穆虎看了看自己身上的衣服,心中有些不舍。
林大人似乎看出了穆虎的心思,安慰道:“現在是‘以破爛為榮’的時代,不穿破爛行嗎?”
“是啊,是啊。”穆虎喃喃著。
“快去吧,聽說闖王已經進城了,發現了崇禎帝的屍身,還沒有找到太子和二位王爺。”
“太子和王爺沒事吧?”
“誰知道呢?聽說是被崇禎帝讓太監藏匿了。闖王已發布懸賞令,說是有獻出太子和二位王爺其中任何一位的,賞黃金萬兩,封伯爵;而膽敢藏匿者,將族滅全家。”
“哦。”穆虎不禁打了個冷顫,換成自己,可能也經不起如此誘惑。
“哎,還是各自保命去吧。”林大人歎口氣,“投降的投降了,死的死了,聽天由命吧。”
此時,前方突在有大順兵過來,林大人用眼神示意穆虎快走。
穆虎趕緊低下頭,匆匆離去。
走了一段路,回首望去,但見林大人蜷縮著跪在路邊,破衣掩體,真的如乞丐般了。
“哎,人啊!”穆虎歎了口氣。
不知不覺,穆虎走到西長安門。
遠處正有數十人朝這兒走來。
穆虎看時,其中一位認識,是嘉定候周奎,崇禎嶽父。
跟在周奎身邊的仆人,有兩人各抱一小孩。
小孩年齡都不大,都在十歲上下。
穆虎意識到,這不是兩位王爺吧?
周奎這是拿太子和王爺去李自成那兒邀功請賞的?
穆虎有些不敢往下想了。
周奎可是這兩位王子的姥爺啊!
看來,在生死面前,哪怕是自己的至親都是可以犧牲的。
可……可……這還是人嗎?
那些人越走越近,很多人都站在大街的兩邊,探頭看,竊竊私語,交頭接耳。
但臉上並沒有什麽表情,看不出是喜是憂,都似與己無關。
穆虎站在人群中,有些惶恐。
周奎走近了。
穆虎感覺看,二位王爺朝自己這兒看了一眼,眼睛中似含有些乞求的意思。
穆虎渾身一顫。
“王子,自求多福吧。”
穆虎心想。
他一直看著太監們帶著王子走進內宮,再也看不到人影,才走開,腳步有些沉重。
“王子跟自己有什麽關系呢?”
穆虎又有些釋然了。
“咦,怎麽只見王子,沒有太子呢?”
穆虎心中又有些納悶。
“但願太子別再被逮住了。”
行兩步,穆虎看眾多著青衣小帽者三五成群急匆匆地往前趕,走得大步流星,滿頭大汗,氣喘籲籲,兩眼直視,無暇旁顧。
穆虎好奇,趕上其中一個,問:“兄台,這急急忙忙地去做什麽?”
那人只是瞅了穆虎一樣,顯出不耐煩的樣子,似乎在埋怨穆虎,不該去打擾他,並不停下自己的腳步。
穆虎越發地好奇,進而問從後面趕過來的另一位:“兄台,這是有何貴乾?”
那人同樣沒有停下腳步,但並不像先前那位一樣置之不理,而是簡單地說:“去登記求官呢。”
“求官?”穆虎依然好奇,跟上前趕的隊伍。
眾人在會極門停下來。
此時,會極門前人山人海,有數千人之多,團團坐在地上,周圍有大順兵看守。
新趕到的則在入口處登記,報上姓名官職,然後進入。
這些都是來新的朝廷效命的前明官員。穆虎明白了,這是投降大順朝的明朝官吏,正等待大順丞相牛金星的錄用。
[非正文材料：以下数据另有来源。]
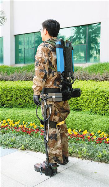 “穿戴式外骨骼助力機器人,是一款智能仿生、單人操作的軍民兩用多功能攜行助力系統。”莫新民告訴記者。從外觀來看,它就像套在人體外面的一件強壯、靈活的“鋼鐵外衣”;穿上后,在人的雙腿外側就會增加一副機械腿,把背部的大部分負重傳遞到地面,同時人的運動靈活性也不會受到太大的影響——負重50kg的行進速度能達到每小時4公里,與普通人正常走路的速度差不多。直白地說,新技術就是讓人可以“舉重若輕、健步如飛”。此外,它還能適應1.6m—1.9m的身高范圍,可連續工作4小時。穿戴也比較方便:自己穿需要約2分鐘,有人輔助40秒就能穿好,脫卸只需要30秒,并可折疊運輸。
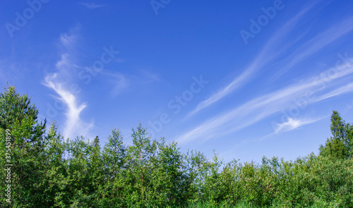 Obraz premium The blue sky is patterned with white clouds. Green forest
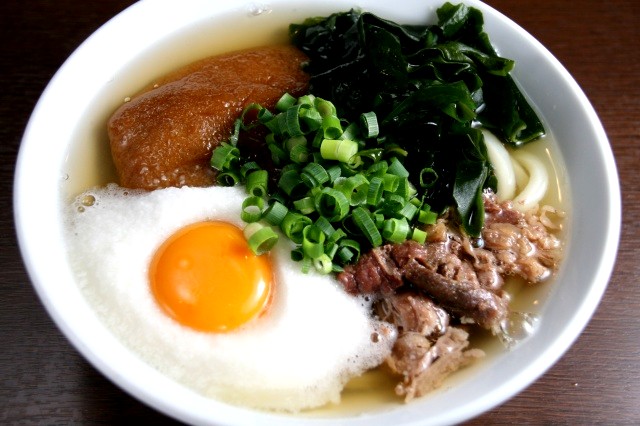 麺と汁、そして牛肉やワカメ、きつね(油揚げ)、卵黄、そして白身かと思ったら、とろろ芋ですねー。
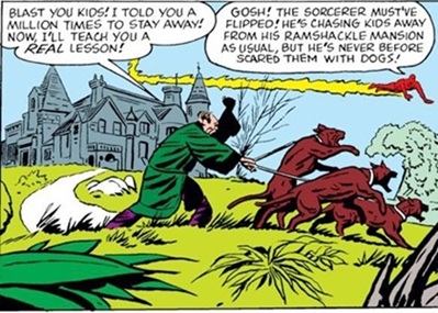 background]; Sorcerer using dogs to chase off neighborhood kids)
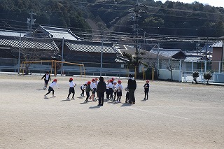 写真は昼休みの様子です。今日も外は空気が冷たかったですが、子どもたちはいつものように外で元気に遊んでいました。
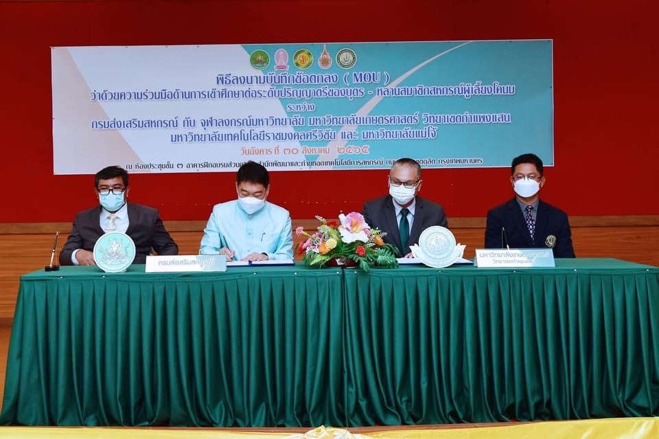 นายวิศิษฐ์ ศรีสุวรรณ์ อธิบดีกรมส่งเสริมสหกรณ์ลงนามบันทึกข้อตกลงความร่วมมือกับศาสตราจารย์ ดร.สุวัจน์ ธัญรส อธิการบดีมหาวิทยาลัยเทคโนโลยีราชมงคลศรีวิชัย รศ.น.สพ.ดร.อนุชัย ภิญโญภูมิมินทร์ รองอธิการบดีมหาวิทยาลัยเกษตรศาสตร์ วิทยาเขตกำแพงแสน ดร.อานนท์ ปะเสระกัง รองคณบดีฝ่ายวิชาการ คณะสัตวศาสตร์และเทคโนโลยี มหาวิทยาลัยแม่โจ้ และรศ.น.สพ.ดร.สนธยา เตียวศิริทรัพย์ รองคณบดีวิชาการ วิรัชกิจและกิจการนิสิต จุฬาลงกรณ์มหาวิทยาลัยเพื่อสนับสนุนด้านการศึกษาต่อระดับปริญญาตรีสาขาสัตวแพทยศาสตร์และสาขาสัตวศาสตร์แก่บุตรหลานสมาชิกสหกรณ์ผู้เลี้ยงโคนมและสหกรณ์การเกษตรที่มีสมาชิกเลี้ยงโคนมในการศึกษา โดยมอบทุนการศึกษาให้ 145 ทุน แบ่งเป็น จุฬาลงกรณ์มหาวิทยาลัย 30 ทุน มหาวิทยาลัยเกษตรศาสตร์ วิทยาเขตกำแพงแสน 30 ทุน มหาวิทยาลัยมหาสารคาม 15 ทุน มหาวิทยาลัยเทคโนโลยีราชมงคลศรีวิชัย 18 ทุน มหาวิทยาลัยแม่โจ้ 49 ทุน และมหาวิทยาลัยขอนแก่น 3 ทุน
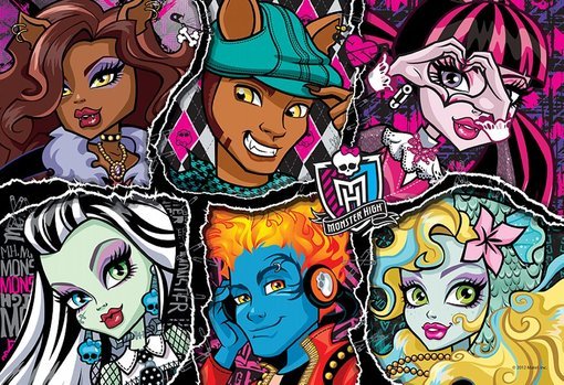 Puzzle Monster High 160 elementów pozostawia na ułożenie prostokątnego obrazka przedstawiającego upiorne uczennice ze Straszyceum. Po ułożeniu wszystkich puzzli można z bliska poznać twarze głównych bohaterek bajki Monster High. To prawdziwa gratka dla miłośniczek tej strasznej bajki!
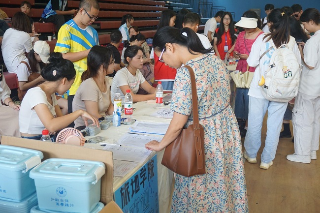从校门口到新生报到处,校园里随处可见一个个奔走忙碌的志愿者们,他们挥洒着汗水,迎来一张张崭新的面孔。志愿者们以饱满的热情为前来报到的新生们提供贴心的服务,让从四面八方远道而来的学子们倍感学院的温暖。
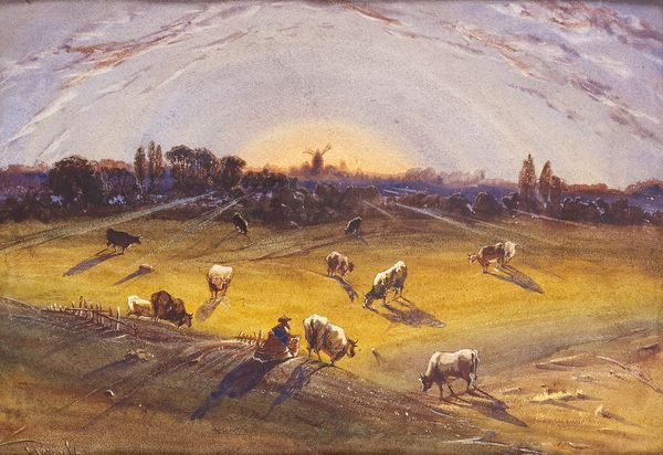 VACHES AU PATURAGE ET MOULIN AU SOLEIL COUCHANT
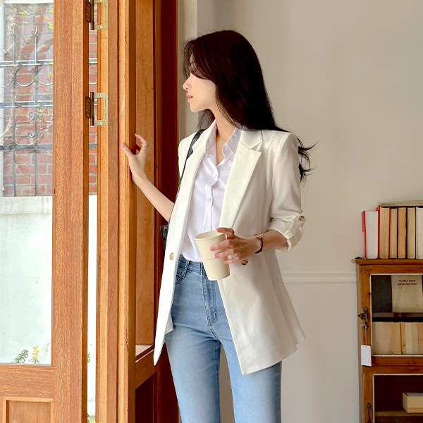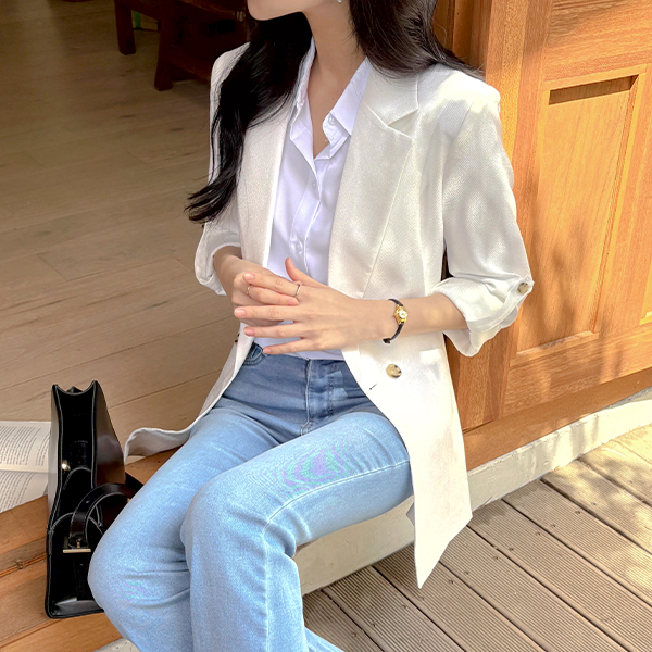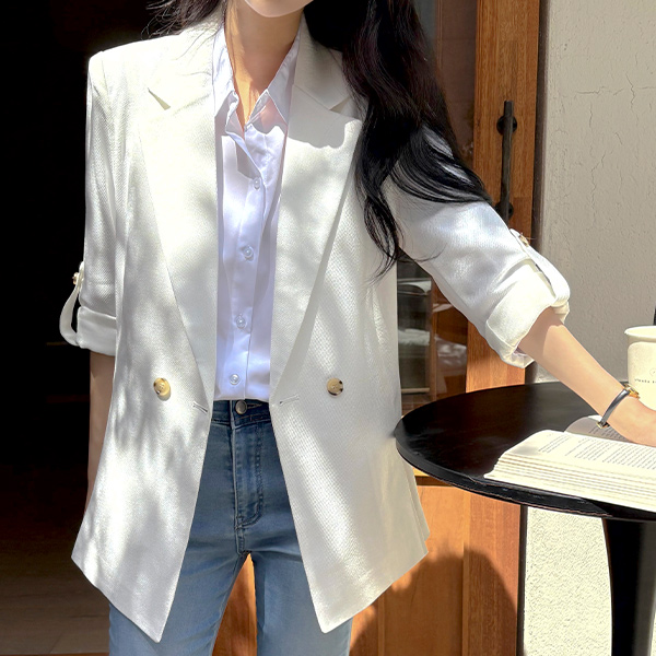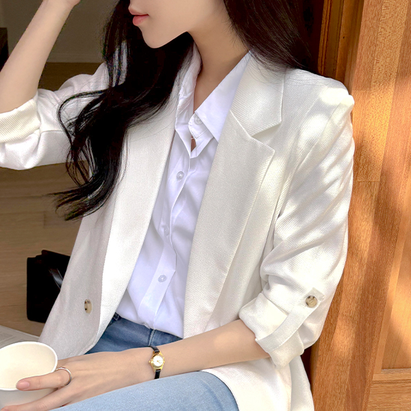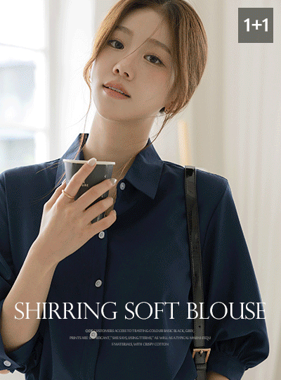 (1+1할인) Shirring Three-Quarter Sleeves Soft Span Blouse
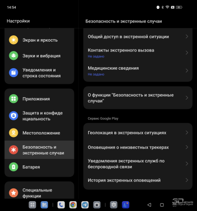 На верхней грани расположилась пара динамиков, а также микрофон и инфракрасный порт для управления телевизором и другой домашней техникой. На нижней грани есть ещё пара динамиков, а также порт USB Type-C и слот для пары SIM-карт. Впрочем, про пару динамиков — это не точно. Всего производитель заявляет о трёх динамиках на OPPO Find N3, но решеток мы насчитали аж пять (разговорный над внешним экраном + еще четыре на гранях). Звук при этом слышен из четырех точек при раскрытом внешнем экране, так что речь, вероятно, идёт о трёх динамиках помимо разговорного. Солидно, если так .
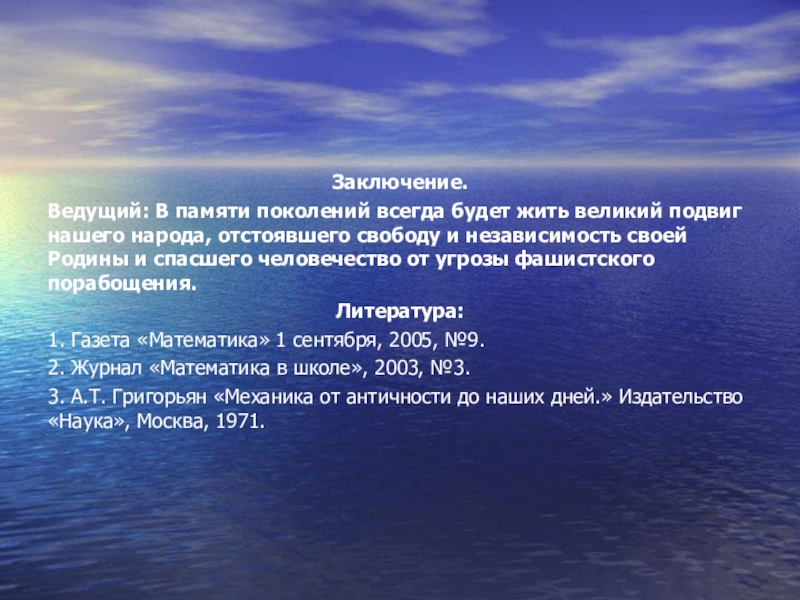 3. А.Т. Григорьян «Механика от античности до наших дней.» Издательство «Наука», Москва, 1971.
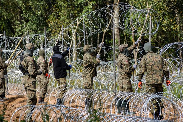 波兰士兵正在边境架设铁丝网。图源:视觉中国
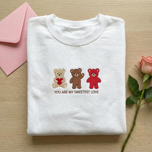 Embroidered You Are My Sweetest Love Teddy Bear Sweatshirt, Valentine's Day Crewneck, Romantic Couple Gift, Anniversary Sweater

“他媽的,坐好。”一名大順士兵對斜躺在地上的一名官吏呵斥道,“怎麽像狗一樣臥著?”並用腳狠狠地踢了一個那人一下。
那人連忙坐正,滿臉堆笑。
“哈哈哈,大家快過來看看,這人的鼻子,怎麽這麽大,跟豬的鼻子一樣,哈哈哈。”
一名大順士兵歪頭看著坐在地上的一名前朝官員,用手指著他的臉,放肆地狂笑著,招呼同伴過來。
其他士兵圍攏過來,像欣賞奇珍異玩。
“哈哈哈,還真是呢?”
“喂,你這家夥怎麽長的?”
“你吃飯也像豬一樣嗎?”
“哈哈哈……”
那官員只是尷尬地笑笑,並不生氣,臉已脹得通紅。
“哎喲,這位官爺,細皮嫩肉的,像個大姑娘。怎麽著,讓爺親一口。”
另一邊,一名大順兵對著一位長相俊秀的官員嘻嘻笑著。
“官爺,您真會說笑。”
“扒了褲子讓爺瞧瞧?”
“這……這……”
“喲,喲,還害羞呢!別不好意思啊。”他招呼一下其他士兵,“弟兄們過來,把他的褲子扒掉,讓咱瞧瞧這當官到底是不是一個帶把的?”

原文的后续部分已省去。